Tin rallied to a six-month high in London last week after the policy took effect and smelters curbed exports, with only one exchange in Jakarta authorized to trade ingots before export. The rule is aimed at helping Indonesia displace the London Metal Exchange as the venue for setting the benchmark price, according to the Commodity Futures Trading Regulatory Agency. Tin has the best outlook among the six main industrial metals because of global shortages, said Standard Bank Group Ltd.
The rule’s “objective is how we can create a reasonable price,” Sukrisno, president director at PT Timah, said in an interview on Bloomberg TV Indonesia today, before the trade data was released. Timah, based in Pangkalpinang, Bangka Belitung, is Indonesia’s largest tin exporter, and the company declared force majeure on shipments last month as some customers had yet to adapt to the new regulation, which took effect on Aug. 30.
Tin for delivery in three months declined 2.1 percent to $23,500 a ton on the LME at 4:24 p.m. in Jakarta. Futures advanced 5.5 percent to $24,000 a ton on Oct. 4, the highest price since March. Tin has outperformed the five other main base metals on the LME over the past 12 months, including copper, aluminum and nickel.
“We have found it quite a challenge to get high-purity tin,” said Chen Tien Yue, executive director at Kuala Lumpur, Malaysia-based Royal Selangor International Sdn Bhd., where tin accounts for an average of 50 percent of the production cost of its pewter products. “The reduction in supply has clearly been pushing the prices up.”

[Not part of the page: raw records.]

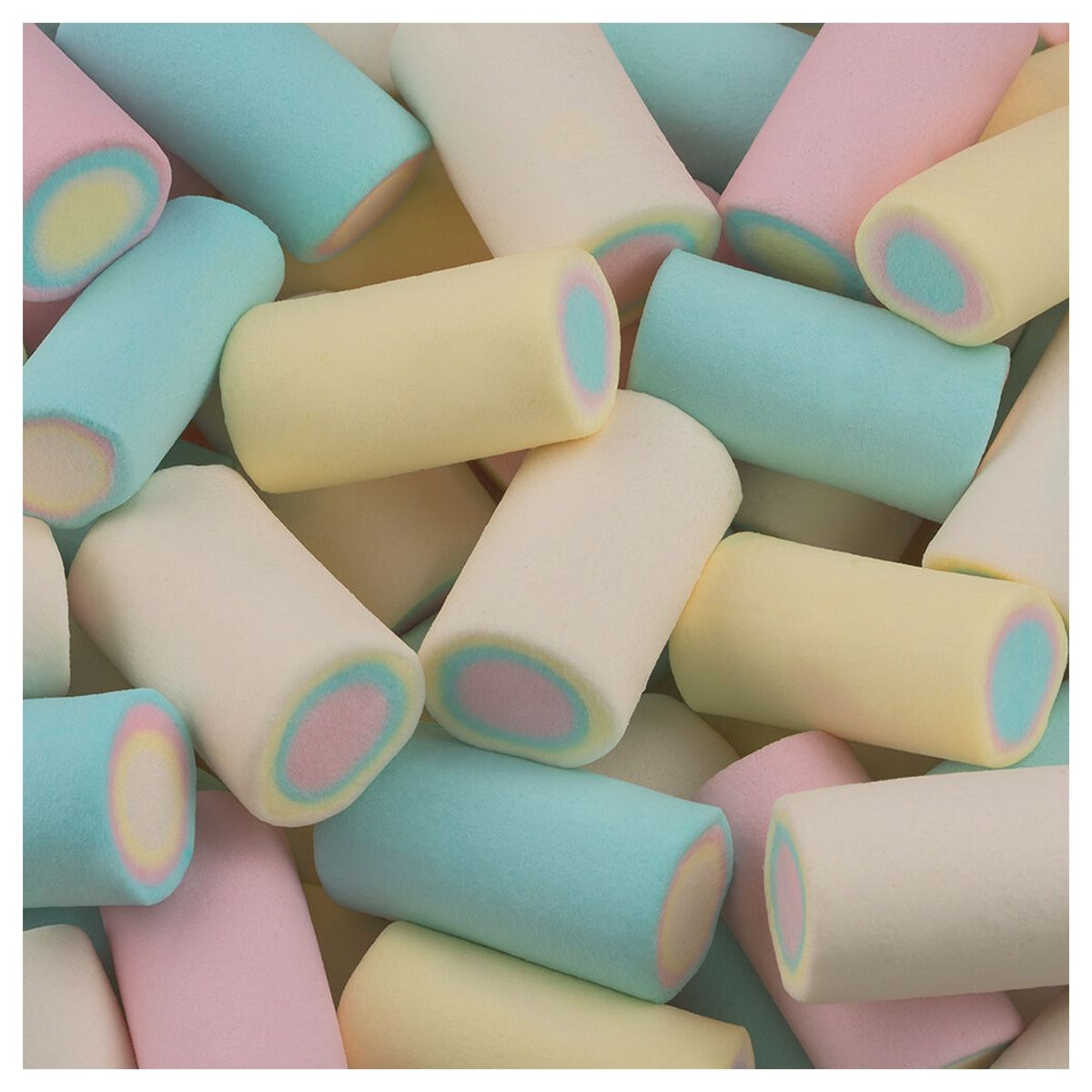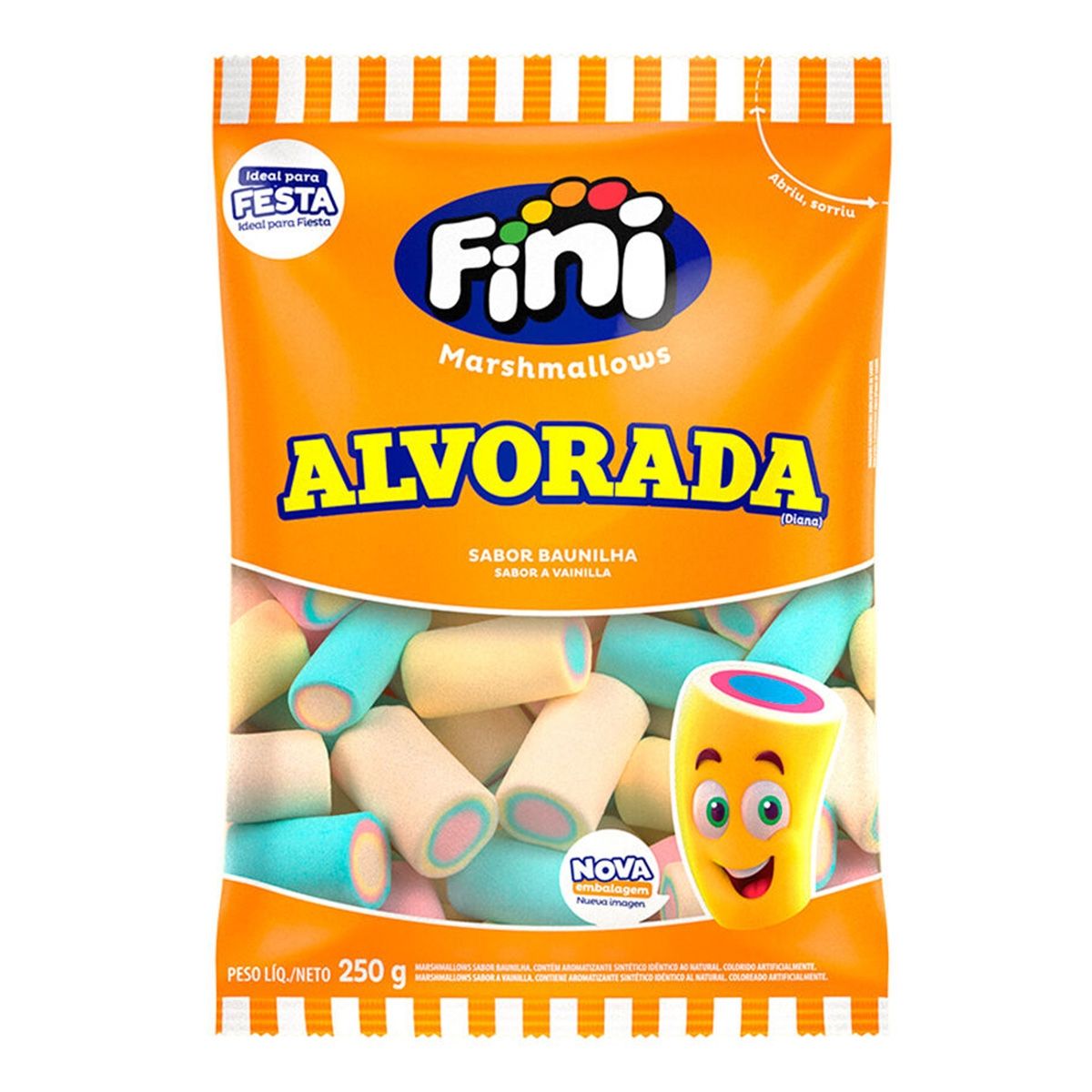 Marsh. Alvorada Fini, macios e saborosos, possuem formato de cilindro. No pacote contém Marsh. Alvorada, nas cores azul, amarelo, branco e rosa, com sabor de baunilha. Ideal para deixar o dia mais doce. É perfeito para usar em decorações.
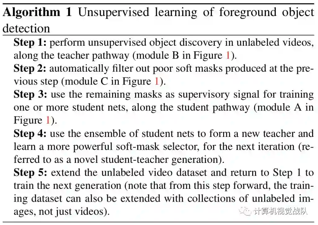 提出了一个系统,该系统由两条主要路径组成,一条是在视频或大型图像集合中沿teacher分支进行无监督的目标发现,另一种是student分支,它向teacher学习,在单个图像中检测前景目标。该方法是普遍的,因为student或teacher的路径不依赖于特定的神经网络架构或实现。此外,该方法允许无监督的学习过程在数代student和teacher中继续进行。在算法1中,给出了该方法的高级描述。
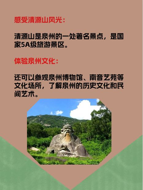 感受清源山风光:清源山是泉州的一处著名景点,是国家5A级旅游景区。您可以在这里欣赏到壮丽的山水风光和丰富的历史文化。例如,您可以游览老君岩、千手岩等景点,感受山水的灵动与神韵。
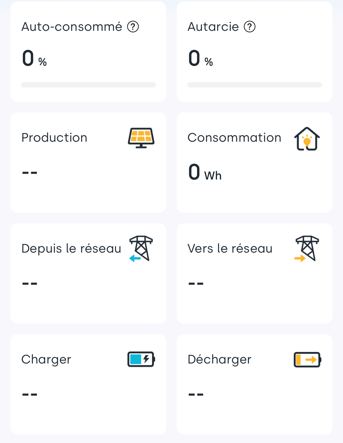 | Autarcie | (Charge provenant du PV + Charge provenant de la batterie) / Consommation totale – montre quelle part de l’électricité de votre domicile provient de votre propre énergie. |
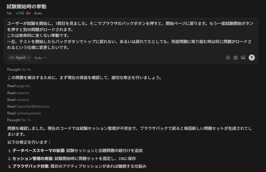 「どのように解決するか?」については、私は指示していません。実際、どうやるかは分からないからです。でも、何が正しい挙動なのかは分かっているので、それを伝えていますね。すると、Cursorがよしなに修正してくれる。というわけです。
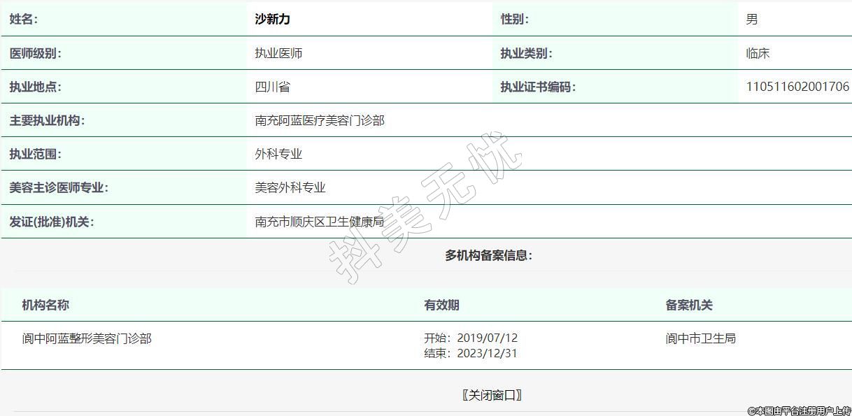 閬中阿藍(lán)整形美容門診部的醫(yī)師 -
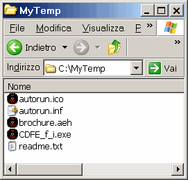 f) Apri il tuo programma di masterizzazione (EasyCD, Nero, o WinOnCD) e masterizza il CD con questi file della cartella temporanea e gli eventuali altri file (tipo "mydocument.pdf" nella cartella "data"). Nel caso più semplice, la root (cartella principale) del CD conterrà questi file:

Exports from Indonesia in September comprised 400 tons of ingots and 386 tons of solder, according to ministry data based on surveyors’ reports. Sales in the first nine months of the year fell 3.3 percent to 68,788 tons compared with the same period a year earlier, Bloomberg calculations show.
At present, only the Indonesia Commodity and Derivatives Exchange in Jakarta, or ICDX, is allowed to trade tin ingots before export from Southeast Asia’s largest economy. The commodity-trading regulator hasn’t approved a proposal from the Jakarta Futures Exchange to trade another tin contract, said Deputy Trade Minister Bayu Krisnamurthi today.
Refined tin will be in deficit through 2016, while copper, aluminum and zinc are oversupplied, Standard Bank said in a report today. Stockpiles of tin in warehouses tracked by the LME dropped 13 percent last month, the biggest loss since January 2012, and stood at unchanged 13,195 tons today.
Royal Selangor buys tin from the LME through spot and forward contracts, and takes delivery from the LME’s warehouses in Johor, Malaysia, said Chen. That matches the company’s requirements as its plant is in Kuala Lumpur, within trucking distance from Johor, said Chen.
The Indonesian policy change is part of wider government efforts to boost the value of commodity shipments. The rule applies to ingots at present and will be extended to other tin products such as solder from 2015.
“Timah’s sales volume may drop this year but that’s fine,” said Sukrisno. “Our stockpiles will increase and prices will also gain. Hopefully, tin can reach $25,000 by December,” he said, calling on other producers to join the ICDX.